We wtorek, podczas sesji europejskiej, dolar umocnił się wobec niemal wszystkich walut G10 – skala umocnienia wynosiła od 0,15% wobec NZD do 0,90% wobec EUR. Amerykańska waluta pozostawała stabilna tylko wobec JPY.
EUR straciło na wartości w reakcji na wypowiedzi przedstawiciela zarządu Europejskiego Banku Centralnego (EBC) Benoit Coeure’a, który zasugerował, że bank ma więcej instrumentów, które mógłby użyć, aby dalej łagodzić politykę pieniężną. Zapowiedział on, że w maju i czerwcu, EBC „w pełni wprowadzi” program QE, aby ustabilizować sytuację na rynku podczas wakacyjnych miesięcy, gdy wielu inwestorów bierze urlopy a płynność spada. Rentowności niemieckich obligacji spadły o 5 punktów bazowych, co zwiększyło różnicę między ich rentownościami a rentownościami obligacji USA (Treasuries). Następnie, rynek rozczarowała publikacja indeksu ZEW w Niemczech w maju – oba podindeksy okazały się niższe od prognoz. Podindeks dotyczący obecnej sytuacji spadł po sześciu miesiącach wzrostów, a podindeks dotyczący oczekiwań kontynuował zniżkę, co zapewne odzwierciedla obawy o Grecję. Kurs EUR/USD spadł poniżej poziomu wsparcia 1,1200. Jeśli dane z sektora mieszkaniowego USA, których publikacja jest zaplanowana na dalszą część dnia, okażą się solidne, a takie są prognozy, to kurs może testować poziom wsparcia 1,1130.
• W kwietniu, UK wpadło w deflację – spadek cen CPI wyniósł 0,1% rok do roku wobec 0,0% rok do roku w poprzednim miesiącu – wcześniej, BoE podawał, że spodziewa się deflacji w niedalekiej przyszłości. Inflacja bazowa spowolniła zaś do 0,8% rok do roku z 1,0% rok do roku – jest to jej najniższy poziom od 2001. Analitycy spodziewali się, że zarówno główny wskaźnik inflacyjny jak i inflacja bazowa pozostaną bez zmian.

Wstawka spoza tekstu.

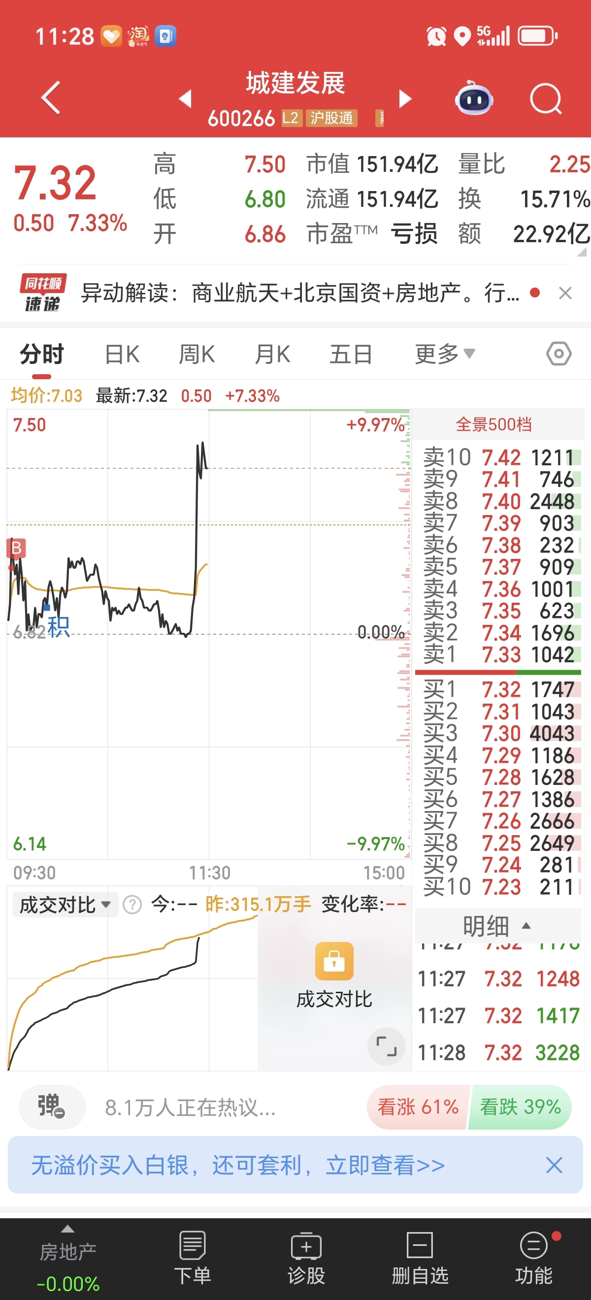 $城建发展(SH600266)$ 兄弟们!我加仓了,助力了哈!
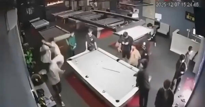 Trong lúc giằng co, một người leo lên bàn bida nhưng mất thăng bằng, ngã xuống sàn và nằm bất động. Vụ việc được xác định xảy ra vào tối 7/12.
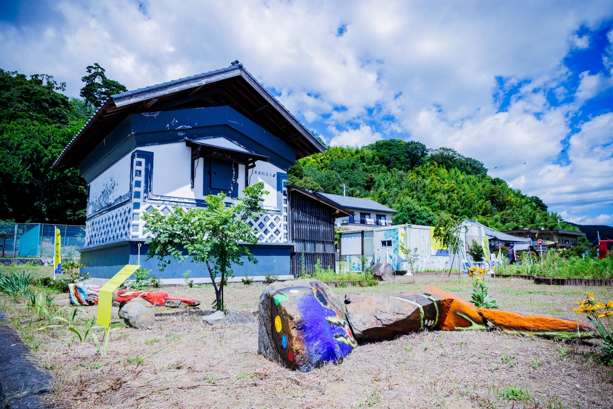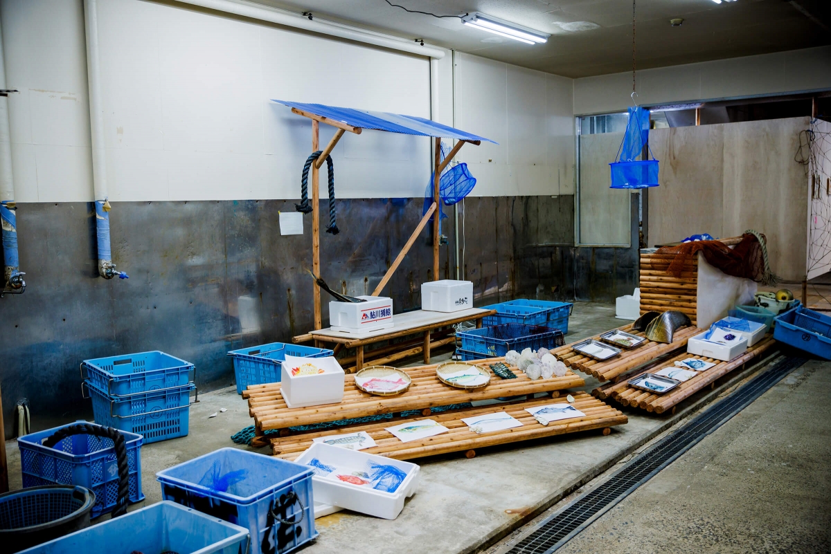 Il s’agit d’avancer tout en préservant la mémoire du passé. Les œuvres d’art – peintures, sculptures, installations dans les intérieurs ou en pleine nature – invitent les visiteurs à percevoir le monde d’une façon autre et à pénétrer une nouvelle réalité. Il en est ainsi pour SWIMMING TOWN de l’écrivaine et artiste Mariko ASABUKI et son partenaire Kanji YUMISASHI, une installation dans un entrepôt désaffecté aux murs délabrés recouverts de peintures murales et remplis d’objets liés au contexte maritime. Les peintures ainsi que les assiettes, les figurines représentant des poissons et d’autres animaux marins et les boîtes en plastique vides, parsemés dans l’espace désolé sont tirés de l’expérience vécue et inspirés des histoires racontées par les habitants de la région.
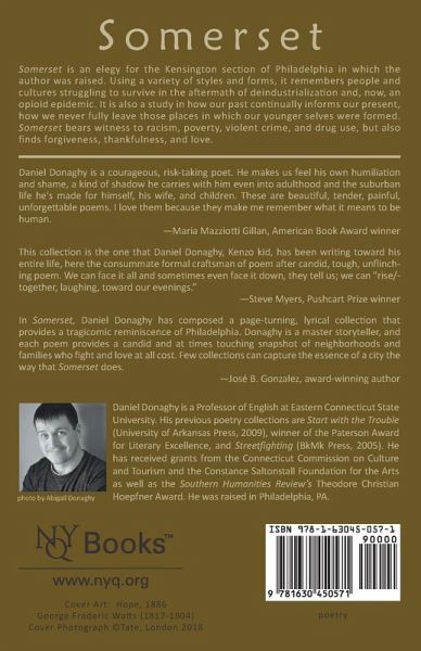 Somerset is an elegy for the Kensington section of Philadelphia in which the author was raised. Using a variety of styles and forms, it remembers people and cultures struggling to survive in the aftermath of deindustrialization and, now, an opioid epidemic. It is also a study in how our past continually informs our present, how we never fully leave those places in which our younger selves were formed. Somerset bears witness to racism, poverty, violent crime, and drug use, but also finds forgiveness, thankfulness, and love.
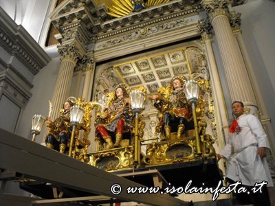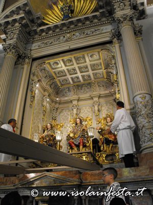 Intanto l’altare viene spogliato da fiori, candelabri e tovaglie per far spazio ai devoti per preparare e montare i due binari che serviranno per far scendere i tre simulacri dalla cameretta fino alla vara posta ai piedi del presbiterio.
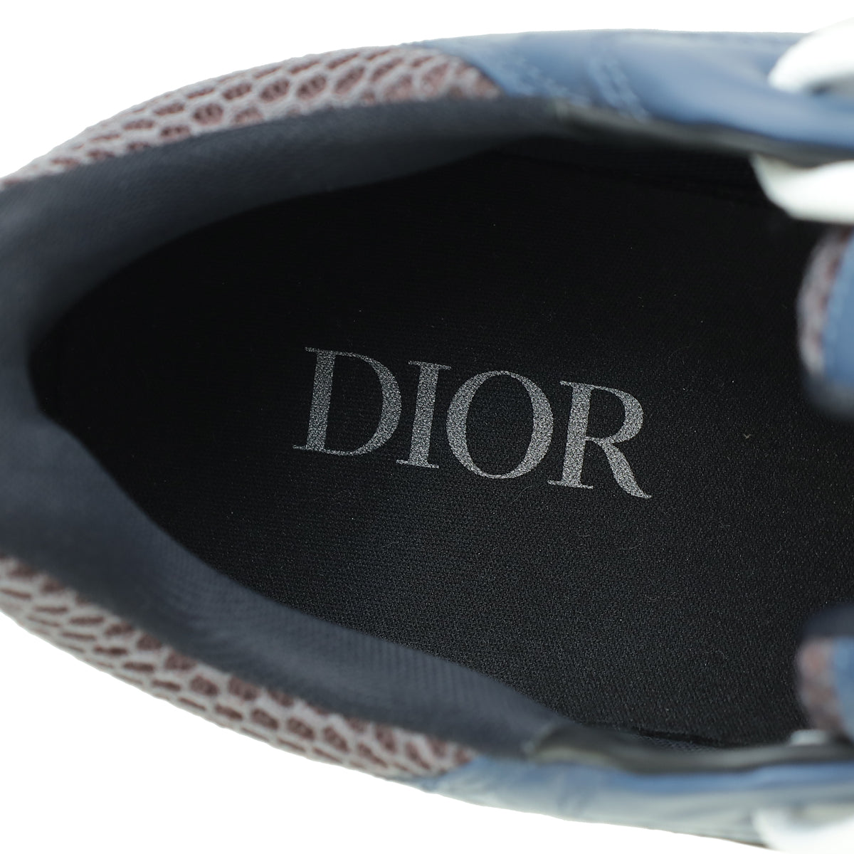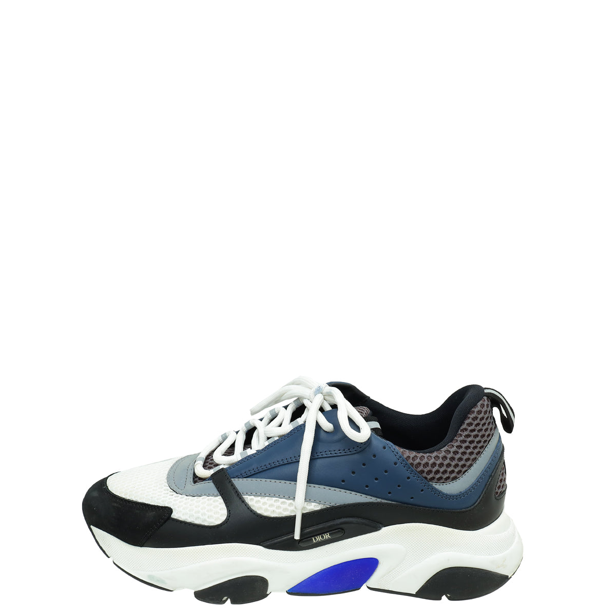 - Material: Black/White/ Blue Technical Mesh and Calfskin Leather Trim
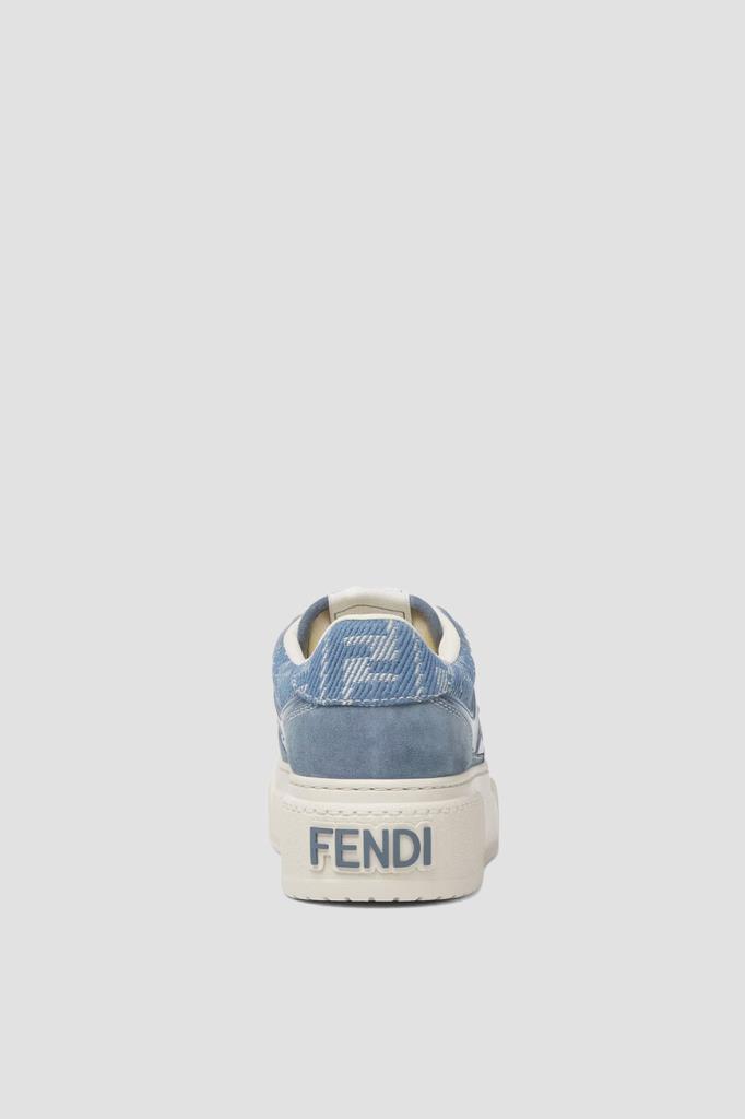 Кеды Fendi Match из двух видов материалов голубых и кремового оттенков. Модель на широкой платформе из каучука с рифлением снизу изготовлена из комбинации плотного хлопкового жаккарда с геометрическим узором «FF» и эффектом денима и бархатистой замши. На принадлежность пары с закрытым типом шнуровки Дому также указывают крупная полупрозрачная аппликация по бокам, вставка с синей символикой на язычке и рельефный логотип сзади на подошве.
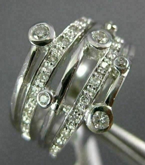 ESTATE WIDE .40CT DIAMOND 14KT WHITE GOLD MULTI ROW CRISS CROSS ANNIVERSARY RING
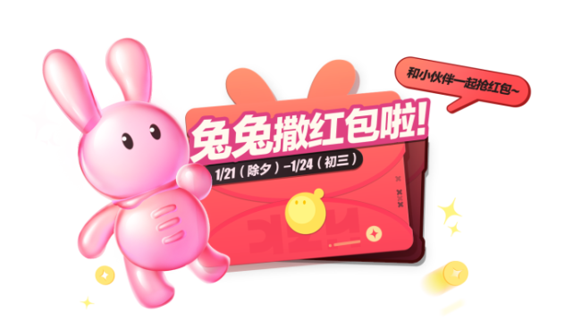 新年到~红包雨也来啦!除夕至初三,红包兔将于指定时段到蛋仔岛上撒红包,每天8场红包雨,奖品丰富,详情可于除夕当日进入游戏了解~
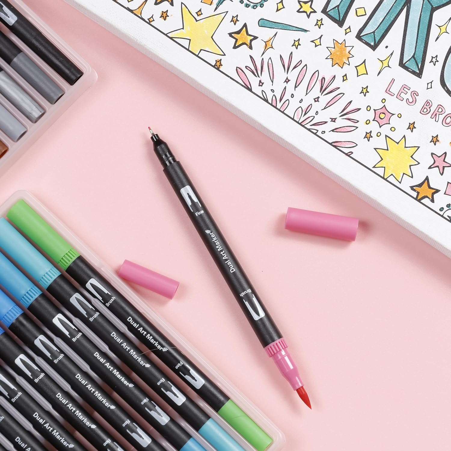 - BRUSH & FINE TIP COMBO – These brush markers give you artistic flexibility. Use the brush side for dynamic strokes and the fine point for neat detail work and lettering.

W reakcji na te wiadomości, kurs GBP/USD spadł, ponieważ spowolnienie inflacji bazowej sugeruje, że niska inflacja nie jest tylko wywołana niskimi cenami ropy naftowej i że może ona nie przyspieszyć, nawet gdy efekt niskich cen ropy osłabnie. Dane zwiększają prawdopodobieństwo, że BoE może nie osiągnąć celu inflacyjnego, co osłabia oczekiwania co do możliwej podwyżki stóp procentowych – to z kolei jest negatywne dla GBP, przynajmniej chwilowo.
• Kurs EUR/GBP silnie spadł w reakcji na wypowiedzi Coeure’a. Następnie, para znalazła poziom wsparcia w pobliżu 0,7150 (S2) i odbiła w reakcji na rozczarowujące dane o CPI UK w kwietniu. Około południa, kurs znajdował się w pobliżu 0,7195 (S1). Mimo że odbicie może być jeszcze przez chwilę kontynuowane – może dojść do testu 0,7250 (R1) – preferowałbym pozostanie z boku, jeśli chodzi o perspektywy krótkoterminowe. Nie widzę bowiem wyraźnego trendu na wykresie 4-godzinnym. Co więcej, RSI, mimo że znajduje się poniżej linii 50, wzrósł, a MACD pozostaje poniżej linii zerowej i kieruje się w dół. Te niejednoznaczne sygnały są dla mnie sygnałem, aby pozostać neutralnym. Na wykresie dziennym, spadek z 7-13 maja postawił pod znakiem zapytania stworzenie formacji nieudanego rozmachu. Dlatego też, preferowałbym nastawienie neutralne także, jeśli chodzi o perspektywy długoterminowe.